Major things to note:
- The installer is abstracted so that it can be plugged into different systems (e.g. Drupal web UI, Joomla web UI, Drupal profiles, drush, wp-cli, provision_civicrm, composer).
- For example: the list of requirements/pre-requisites can be presented in different ways.
- The core installer has zero intelligence about CMSs. It has no opinions or biases on CMS-specific issues/policies. If something is CMS-specific (like the default path to templates_c), then the caller must pass in those details.
- The CMS-specific install logic belongs in the CMS-integration module (e.g. civicrm-drupal uses hook-install or hook-menu and calls InstallerInterface at a suitable moment)
- There are a lot of details in the code above which are provided for sake of completeness but may not be the right/final decision (e.g. representing install-requirements with an interface while representing $options with a simple array). This gist is focused on demonstrating the bullet-points above.

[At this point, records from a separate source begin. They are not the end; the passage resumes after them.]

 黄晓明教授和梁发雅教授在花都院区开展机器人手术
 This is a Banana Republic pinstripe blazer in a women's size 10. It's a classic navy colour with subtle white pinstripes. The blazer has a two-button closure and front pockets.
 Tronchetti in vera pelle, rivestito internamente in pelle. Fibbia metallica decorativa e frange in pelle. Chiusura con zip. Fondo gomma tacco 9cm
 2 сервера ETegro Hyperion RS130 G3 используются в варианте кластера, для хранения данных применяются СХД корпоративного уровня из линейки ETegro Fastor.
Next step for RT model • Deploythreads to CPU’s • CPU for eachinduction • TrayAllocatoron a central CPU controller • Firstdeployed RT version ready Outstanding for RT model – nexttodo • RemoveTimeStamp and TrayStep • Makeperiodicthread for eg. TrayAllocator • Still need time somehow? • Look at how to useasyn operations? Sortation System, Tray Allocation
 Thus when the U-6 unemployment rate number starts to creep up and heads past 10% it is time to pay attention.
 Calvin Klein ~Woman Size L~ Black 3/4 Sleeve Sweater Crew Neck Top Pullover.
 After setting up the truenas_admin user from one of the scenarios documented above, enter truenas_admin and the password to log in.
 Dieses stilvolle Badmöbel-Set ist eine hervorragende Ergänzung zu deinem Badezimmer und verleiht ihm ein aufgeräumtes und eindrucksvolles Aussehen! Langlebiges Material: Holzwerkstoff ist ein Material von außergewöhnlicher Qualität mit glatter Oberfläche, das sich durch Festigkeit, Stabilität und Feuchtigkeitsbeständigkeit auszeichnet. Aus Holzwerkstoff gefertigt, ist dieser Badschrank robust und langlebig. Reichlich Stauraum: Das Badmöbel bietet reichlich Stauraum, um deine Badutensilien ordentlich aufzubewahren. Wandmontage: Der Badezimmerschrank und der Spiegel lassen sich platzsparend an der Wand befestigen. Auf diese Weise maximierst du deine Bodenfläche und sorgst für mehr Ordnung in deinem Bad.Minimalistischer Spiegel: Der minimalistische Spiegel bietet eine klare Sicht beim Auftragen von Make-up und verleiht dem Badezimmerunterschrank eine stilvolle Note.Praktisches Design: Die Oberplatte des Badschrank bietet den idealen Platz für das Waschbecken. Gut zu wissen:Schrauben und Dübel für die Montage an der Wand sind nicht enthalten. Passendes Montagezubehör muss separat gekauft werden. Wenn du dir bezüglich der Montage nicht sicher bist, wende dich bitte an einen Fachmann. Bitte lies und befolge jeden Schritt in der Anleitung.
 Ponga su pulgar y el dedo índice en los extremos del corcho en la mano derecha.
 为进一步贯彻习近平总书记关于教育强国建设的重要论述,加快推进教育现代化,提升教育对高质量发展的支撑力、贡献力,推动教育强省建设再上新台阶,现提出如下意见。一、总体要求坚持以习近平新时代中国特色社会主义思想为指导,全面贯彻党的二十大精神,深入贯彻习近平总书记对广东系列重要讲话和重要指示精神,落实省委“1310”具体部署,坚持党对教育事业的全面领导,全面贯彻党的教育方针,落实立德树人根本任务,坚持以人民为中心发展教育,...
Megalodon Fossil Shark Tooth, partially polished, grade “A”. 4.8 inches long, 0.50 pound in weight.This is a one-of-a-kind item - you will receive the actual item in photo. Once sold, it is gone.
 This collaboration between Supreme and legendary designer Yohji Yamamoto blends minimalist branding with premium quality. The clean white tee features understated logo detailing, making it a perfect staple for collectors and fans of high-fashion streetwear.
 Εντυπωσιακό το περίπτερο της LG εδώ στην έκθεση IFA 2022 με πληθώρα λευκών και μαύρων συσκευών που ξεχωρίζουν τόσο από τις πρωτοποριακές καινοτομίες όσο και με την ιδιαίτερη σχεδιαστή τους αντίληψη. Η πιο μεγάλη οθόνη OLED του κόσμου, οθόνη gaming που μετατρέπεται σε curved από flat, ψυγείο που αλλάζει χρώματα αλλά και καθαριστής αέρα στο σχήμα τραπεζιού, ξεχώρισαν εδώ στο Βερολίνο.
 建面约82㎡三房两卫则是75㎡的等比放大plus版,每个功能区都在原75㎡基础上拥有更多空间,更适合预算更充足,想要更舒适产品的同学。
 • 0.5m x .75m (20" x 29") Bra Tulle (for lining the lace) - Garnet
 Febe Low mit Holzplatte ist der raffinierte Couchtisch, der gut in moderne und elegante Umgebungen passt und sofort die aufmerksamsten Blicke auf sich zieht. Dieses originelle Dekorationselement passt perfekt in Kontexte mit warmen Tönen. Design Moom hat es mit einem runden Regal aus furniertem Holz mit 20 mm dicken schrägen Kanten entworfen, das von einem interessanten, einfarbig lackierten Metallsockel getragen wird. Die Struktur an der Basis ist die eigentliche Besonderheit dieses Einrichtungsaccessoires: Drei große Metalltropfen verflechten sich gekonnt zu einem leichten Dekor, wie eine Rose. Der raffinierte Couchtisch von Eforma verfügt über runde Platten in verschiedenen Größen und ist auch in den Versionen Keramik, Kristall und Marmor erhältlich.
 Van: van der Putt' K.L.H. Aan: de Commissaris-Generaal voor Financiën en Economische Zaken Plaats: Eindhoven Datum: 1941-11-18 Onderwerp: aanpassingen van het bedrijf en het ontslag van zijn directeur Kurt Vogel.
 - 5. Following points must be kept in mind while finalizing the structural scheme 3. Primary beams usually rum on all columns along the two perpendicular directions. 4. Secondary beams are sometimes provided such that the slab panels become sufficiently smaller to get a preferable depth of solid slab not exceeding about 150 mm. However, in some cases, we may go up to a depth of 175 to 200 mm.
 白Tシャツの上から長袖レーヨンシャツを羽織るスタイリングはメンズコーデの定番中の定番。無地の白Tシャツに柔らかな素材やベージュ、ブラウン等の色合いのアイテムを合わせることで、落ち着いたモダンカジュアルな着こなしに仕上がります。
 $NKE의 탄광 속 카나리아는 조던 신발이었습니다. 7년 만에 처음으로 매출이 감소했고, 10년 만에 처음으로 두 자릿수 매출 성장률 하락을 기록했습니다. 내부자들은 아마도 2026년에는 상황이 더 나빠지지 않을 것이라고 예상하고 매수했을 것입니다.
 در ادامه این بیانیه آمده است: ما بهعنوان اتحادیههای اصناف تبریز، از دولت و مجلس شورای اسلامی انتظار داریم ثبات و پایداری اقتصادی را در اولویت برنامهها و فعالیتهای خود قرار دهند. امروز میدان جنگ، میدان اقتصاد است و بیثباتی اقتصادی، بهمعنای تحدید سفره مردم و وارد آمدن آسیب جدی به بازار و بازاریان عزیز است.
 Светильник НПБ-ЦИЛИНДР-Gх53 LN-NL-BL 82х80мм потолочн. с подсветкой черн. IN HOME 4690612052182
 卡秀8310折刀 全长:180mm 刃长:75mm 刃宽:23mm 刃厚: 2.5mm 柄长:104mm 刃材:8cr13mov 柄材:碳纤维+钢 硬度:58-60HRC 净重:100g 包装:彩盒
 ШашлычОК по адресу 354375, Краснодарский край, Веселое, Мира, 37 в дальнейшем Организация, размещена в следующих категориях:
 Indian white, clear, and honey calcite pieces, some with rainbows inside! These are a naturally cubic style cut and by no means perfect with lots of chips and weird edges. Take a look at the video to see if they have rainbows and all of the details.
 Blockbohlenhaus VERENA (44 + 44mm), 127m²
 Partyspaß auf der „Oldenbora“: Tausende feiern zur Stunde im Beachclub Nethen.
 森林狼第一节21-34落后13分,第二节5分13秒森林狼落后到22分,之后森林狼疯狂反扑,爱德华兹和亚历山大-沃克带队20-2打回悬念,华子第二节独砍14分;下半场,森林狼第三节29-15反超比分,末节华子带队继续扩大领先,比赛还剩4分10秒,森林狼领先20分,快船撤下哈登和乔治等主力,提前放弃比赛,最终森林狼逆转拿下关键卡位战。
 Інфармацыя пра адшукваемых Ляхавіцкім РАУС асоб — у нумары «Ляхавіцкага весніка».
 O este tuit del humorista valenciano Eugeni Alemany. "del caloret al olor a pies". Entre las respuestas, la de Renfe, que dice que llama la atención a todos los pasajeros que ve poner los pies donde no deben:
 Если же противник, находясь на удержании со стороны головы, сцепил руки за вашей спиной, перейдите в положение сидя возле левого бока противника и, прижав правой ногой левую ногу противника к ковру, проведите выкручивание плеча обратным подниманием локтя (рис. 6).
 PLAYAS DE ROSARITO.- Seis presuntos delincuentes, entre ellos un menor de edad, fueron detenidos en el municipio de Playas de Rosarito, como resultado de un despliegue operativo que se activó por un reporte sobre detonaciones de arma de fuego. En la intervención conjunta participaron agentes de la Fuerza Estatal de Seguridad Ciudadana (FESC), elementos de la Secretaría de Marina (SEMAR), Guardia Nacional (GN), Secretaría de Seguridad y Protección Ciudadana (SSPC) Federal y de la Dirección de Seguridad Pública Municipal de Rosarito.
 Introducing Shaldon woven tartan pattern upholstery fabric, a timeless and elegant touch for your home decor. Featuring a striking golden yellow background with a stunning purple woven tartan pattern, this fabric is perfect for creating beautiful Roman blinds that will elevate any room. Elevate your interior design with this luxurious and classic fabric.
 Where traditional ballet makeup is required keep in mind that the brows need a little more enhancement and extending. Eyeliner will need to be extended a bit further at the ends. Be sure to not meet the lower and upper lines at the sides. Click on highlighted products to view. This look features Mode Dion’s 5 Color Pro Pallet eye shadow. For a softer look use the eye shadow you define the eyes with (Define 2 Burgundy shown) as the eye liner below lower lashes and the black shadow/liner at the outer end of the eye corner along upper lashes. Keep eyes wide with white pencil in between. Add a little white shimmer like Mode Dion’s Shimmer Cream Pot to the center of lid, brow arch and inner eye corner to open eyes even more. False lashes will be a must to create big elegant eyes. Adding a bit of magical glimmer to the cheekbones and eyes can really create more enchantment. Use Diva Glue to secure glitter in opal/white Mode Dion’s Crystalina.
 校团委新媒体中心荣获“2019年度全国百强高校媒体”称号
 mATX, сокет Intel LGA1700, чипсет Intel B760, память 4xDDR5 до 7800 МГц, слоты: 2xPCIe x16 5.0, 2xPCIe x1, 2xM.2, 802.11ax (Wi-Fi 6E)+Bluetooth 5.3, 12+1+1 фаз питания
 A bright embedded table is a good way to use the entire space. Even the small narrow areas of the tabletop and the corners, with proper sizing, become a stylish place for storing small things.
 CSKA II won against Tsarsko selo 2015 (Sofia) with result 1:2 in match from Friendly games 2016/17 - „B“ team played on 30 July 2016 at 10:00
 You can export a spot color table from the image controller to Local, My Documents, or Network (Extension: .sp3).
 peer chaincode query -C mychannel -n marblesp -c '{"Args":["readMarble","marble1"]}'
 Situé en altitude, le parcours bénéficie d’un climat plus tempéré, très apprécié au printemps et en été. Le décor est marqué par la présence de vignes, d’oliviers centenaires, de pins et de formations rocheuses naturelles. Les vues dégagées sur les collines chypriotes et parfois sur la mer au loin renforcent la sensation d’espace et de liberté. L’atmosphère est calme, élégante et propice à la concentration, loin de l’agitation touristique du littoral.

- For the web-based installers (D6/D7/WP), the current installer throws up a screen where the admin configures an extra DSN. For D8/J/provision_civicrm, the current installer skips the extra screen and reuses the CMS DB. I suspect there were good reasons for split-DB in 2005, but today it seem like a bad default -- we should default to automatic, single-DB installation everywhere -- but allow some advanced way to install split-DB (e.g. manually pre-create civicrm.settings.php or call the installer via CLI).